On Mar 27, 2010, at 8:36 AM, Daniel wrote:

> Not sure if this is going to help, but I recently tried to optimize
> performance of my long running IDE process, and crawled through a lot
> of JVM flags and benchmarks. I give you the more or less raw list
> below (stripped of UI related stuff), which you might find useful.
> Machine specs are Macbook 2Ghz Core 2 Duo, 4Gb RAM
> 
> java version "1.6.0_17"
> Java(TM) SE Runtime Environment (build 1.6.0_17-b04-248-9M3125)

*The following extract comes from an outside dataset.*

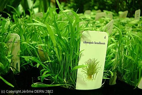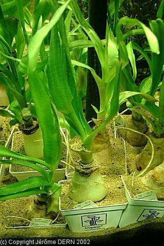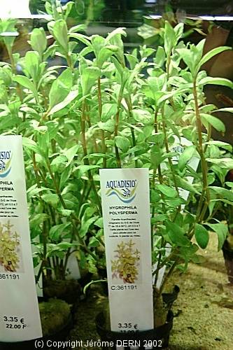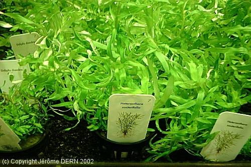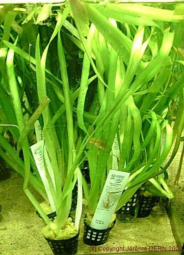 Voici une petite liste (non exhaustive) de plantes vendues comme plantes d'aquarium mais qui sont à déconseiller car ce sont des plantes terrestres qui ne "tiennent" pas lorsqu'elles sont immergées : Chamaedora, Chlorophytum, Dracaena, Spathiphyllum, Fittonia, Acorus, Cyperus, Lagenandra, Ophiopogon, Fougère de Borneo (Selaginella sp.), Cordyline, Hemigraphis, Althernanthera, Syngonium, Péliosanthes, Aglaonema, Caladium... Reproduction des plantes d'aquarium Il est possible de multiplier les plantes dont nous disposons par différentes techniques simples ou compliquées. Le marcottage La plante produit un rhizome (tige souterraine) ou un stolon (au niveau du sol) au bout duquel se développe une nouvelle plante qui rapidement prend racine. Lorsque la plantule est enracinée, le rhizome ou le stolon peut être sectionné. Exemple : Echinodorus, Sagittaria, Vallisneria, Cryptocorynes. Certaines plantes produisent des feuilles qui apparaissent sur une tige qui, lorsqu'elle est proche du sol, prend racine (Hygrophila, Najas, Hydrocotyle, Cardamine, Echinodorus maior...). Dans ce cas, il est possible de plaquer au sol la tige(sans l'abîmer) et d'attendre l'enracinement. Lorsque les racines ont bien poussé, il est possible de sectionner cette tige et d'obtenir ainsi deux plantes. Le bouturage Il s'agit de prélever un fragment de la plante et de la replanter. La plante peut être sectionnée au niveau de sa tige principale dans la partie terminale tout en gardant deux à trois noeuds. Il vaut mieux utiliser une lame tranchante et éviter de meurtrir la plante avec les doigts. La bouture ainsi récupérée peut être plantée et va rapidement prendre racine. La tige sectionnée de la plante d'origine va produire une ou plusieurs tiges secondaires à l'endroit de la coupure. Exemple : Cabomba. La fragmentation du pied Il existe des plantes dont la division peut se faire au niveau du pied : une coupure au niveau du pied permet de récupérer une plantule complète avec ses racines. La division de touffes Chez certaines plantes (Isoetes, Acorus, Blyxa...), la division de la plante peut être réalisée en divisant les racines à la main ou au couteau si les racines sont trop enchevêtrées. La multiplication par graines Les plantes qui fleurissent peuvent être reproduites par graines après fructification. Cela signifie, en aquarium, que les fleurs doivent être pollinisées manuellement à l'aide d'un coton tige ou d'un petit pinceau. Il faut naturellement disposer de deux plantes fleuries. Les graines sont disposées dans de petits pots contenant sable, argile et tourbe. Les pots sont immergés dans un endroit bien éclairé. Stérilisation des nouvelles plantes Qu'elles proviennent du commerce ou de l'aquarium d'un ami, il faut toujours prendre garde aux différentes maladies, algues ou parasites qui peuvent être introduits avec les plantes. Il est par exemple assez courant de trouver des oeufs ou d'escargot ou des larves d'insectes dans les plantes du commerce. L'introduction d'une algue parasite est également toujours possible. Pour éviter ces désagréments, il faut stériliser la plante mais cela peut l'affaiblir... Deux méthodes sont possibles :

> Java HotSpot(TM) 64-Bit Server VM (build 14.3-b01-101, mixed mode)
> 
> Especially the Parallel GC option below need at least 1.6.0_10,
> preferably _16+ It was a bit flaky before, and it's still an
> experimental feature, so don't complain if you're computer turns into
> marshmallows or something :)
> 
> Also be aware that the following setup is going to make your startup
> slower, but your subsequent execution faster.
> 
> -server
> -Xms256m
> -Xmx1024m (Note: give your process enough memory, but not too much,
> otherwise you're competing with other processes on you're machine, and
> the OS will start to page out, and subsequently thrash.)
> -Djava.net.preferIPv4Stack=true
> -XX:CompileThreshold=1500 (makes the server VM compile faster. server
> compiles after 10k calls with better results, so if you're running in
> a tight loop and/or have a server duration of uptime (ie. multiple
> days and longer), then it might make sense to omit this one, also
> don't go lower than 1500 (the setting for -client, performance
> deteriorates, because compilation is adapts to runtime statistics.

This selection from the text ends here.